Sunday, June 15, 2008

The inimitable Tom Toles

Another gem from the best editorial cartoonist in America.

Oregonian Wakes Up, Remembers Peak Oil Task Force

This is Portland-focused, but the thrust is even more applicable in Salem, where we are in a far worse position to meet the new reality on energy. There have not even been any mentions of peak oil in the Statesman Journal, the City Council chambers, or the County Commissioners' meeting room. The local transportation planners, SKATS, has heard about peak oil but has chosen to adopt the fingers-in-the-ears-and-shout-"I can't hear you" strategy.


One year ago, the Peak Oil Task Force delivered a report to the City Council, but the whole region needs to mobilize

Think of it as a commuter version of "Some Enchanted Evening." At a recent graduation party in Cedar Mill, two neighbors squint at each other across a crowded kitchen island. Kinda scary, isn't it, they agree, about those gas prices headed toward $5 a gallon. Then a bit shyly, they circle a new question. Maybe it's time to take it to the next level. Both, they know, work downtown. Both leave home and return each day at roughly the same time. Turns out, they even park right next door to each other. Maybe this is a match made in post-Peak Oil Heaven.

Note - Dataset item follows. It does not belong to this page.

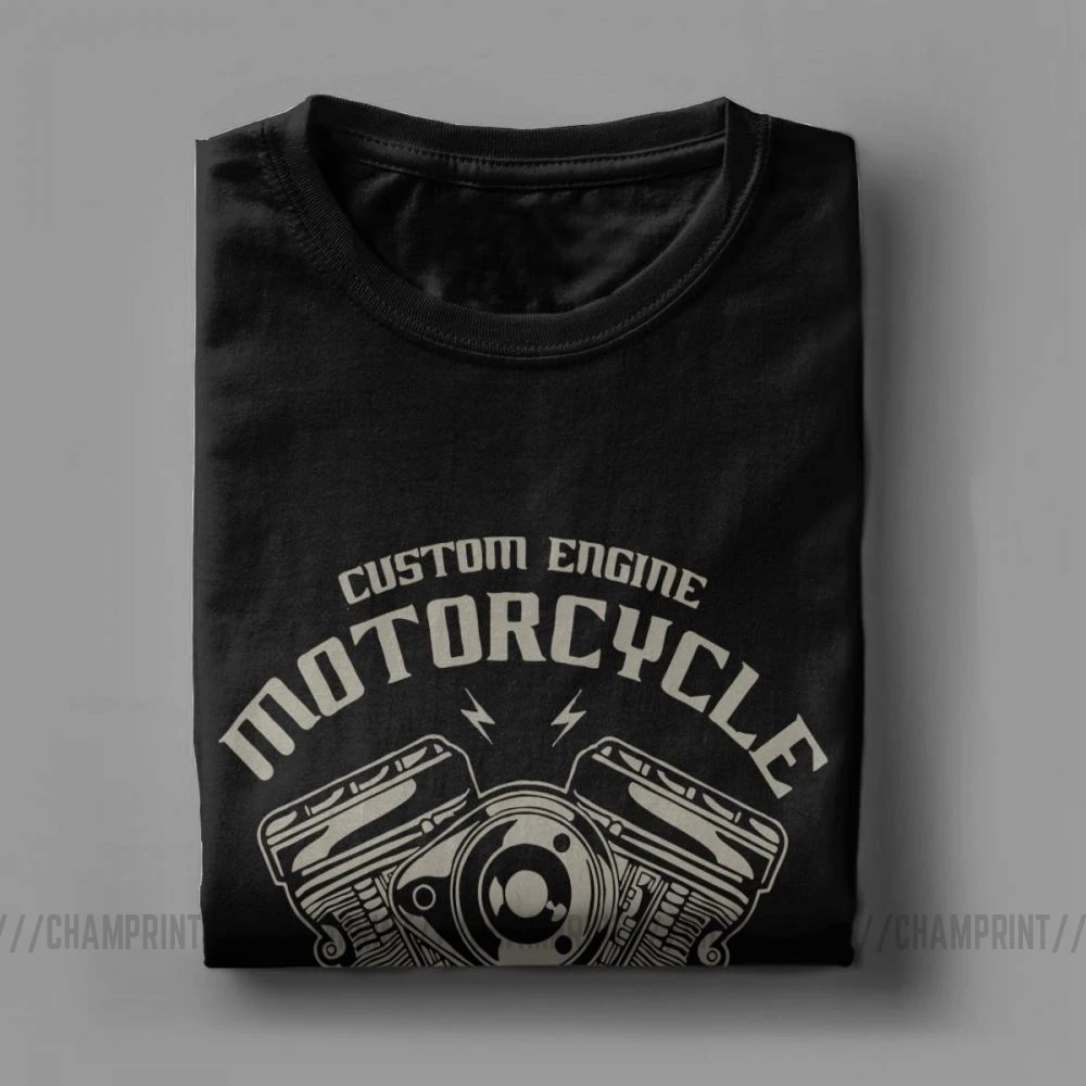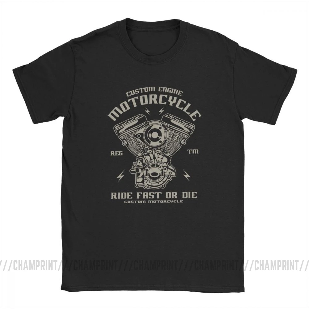 Мужские футболки с байкерским Мотором для езды на мотоцикле, Забавные футболки с коротким рукавом, топы с круглым вырезом, 100% хлопок, футболка с принтом
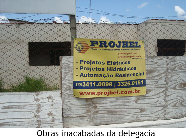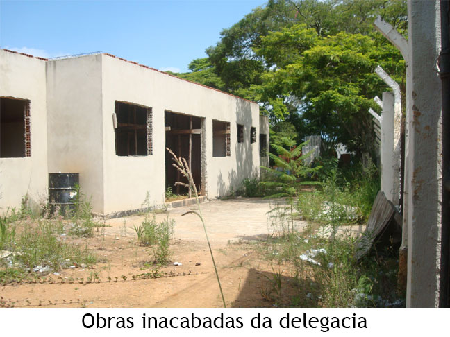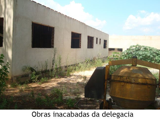 As obras da nova delegacia de polícia da cidade igualmente estão paralisadas. Alguém sabe quando serão retomadas? Quanto foi gasto e por que foram interrompidas? No lugar, o mato toma conta, a betoneira enferruja, as placas informativas estão desbotadas e tortas. O ambiente vazio e inútil.

All over the metro area, people are flirting with new transportation hookups. Bus and train ridership are soaring; interest in car-sharing is, too.

That should help Zipcar (formerly Flexcar), which has 202 cars available in Oregon. Except the same spikes in fuel costs that help the company attract new customers also eat into its profits and limit its ability to expand. (It has only three cars in Vancouver, three in Beaverton, none in Hillsboro.)

In fact, many businesses, governments and families are in the same fix: They must ride the ice cube while it melts. We need to fuel a transformation, and it may ultimately improve our lives. But only if we can fuel it fast, while supplies last -- of diminishing fuel.

Two years ago, when Portland created the Peak Oil Task Force, it sounded apocalyptic. Not anymore. Summer of 2008 may be remembered as the moment we awoke from our long national gas binge. Whether oil production has peaked or will do so in a few decades is almost academic. Every fill-up knocks home the realization that we can't afford to go on like this.

With oil prices headed toward $150 a barrel, the Peak Oil Task Force's key recommendation -- that the city must cut its oil consumption in half by 2030 -- seems ever more prescient and prudent.

The report belongs on Mayor-elect Sam Adams' bedside table. But it deserves an equally close reading by business and community leaders in car-oriented suburbs. There, some residents face a triple trap: a decline in housing values because they're so far out, an inability to buy anything closer in and too little income to keep filling the tank -- at least all on their own.

Never has the wisdom of the region's investment in TriMet been clearer. The key is to maximize it, in part by persuading businesses to stagger their hours of operation or go to four-day workweeks, so everyone isn't scrambling into a train at once. Another key is educating people, not just with maps but with one-on-one advice.

As of last week, 10,000 people had signed up for Metro's CarpoolmatchNW.org, an increase from 9,000 in April. No doubt at summer potlucks, some neighbors will figure out on their own that one plus one equals a carpool.

But the research also shows that intensive hand-holding and "green guidance" of the sort Portland's SmartTrips offers can alter behavior. Gas prices have sparked a desire to change. Door-to-door help on a massive scale could ignite regional transformation.

Will they, won't they? The neighbors part for the night, promising to rendezvous again soon. No worries. No big deal, except that it actually would be huge if they could align their lives even once or twice a week.

The party's over.

But a deeper community connection has just begun.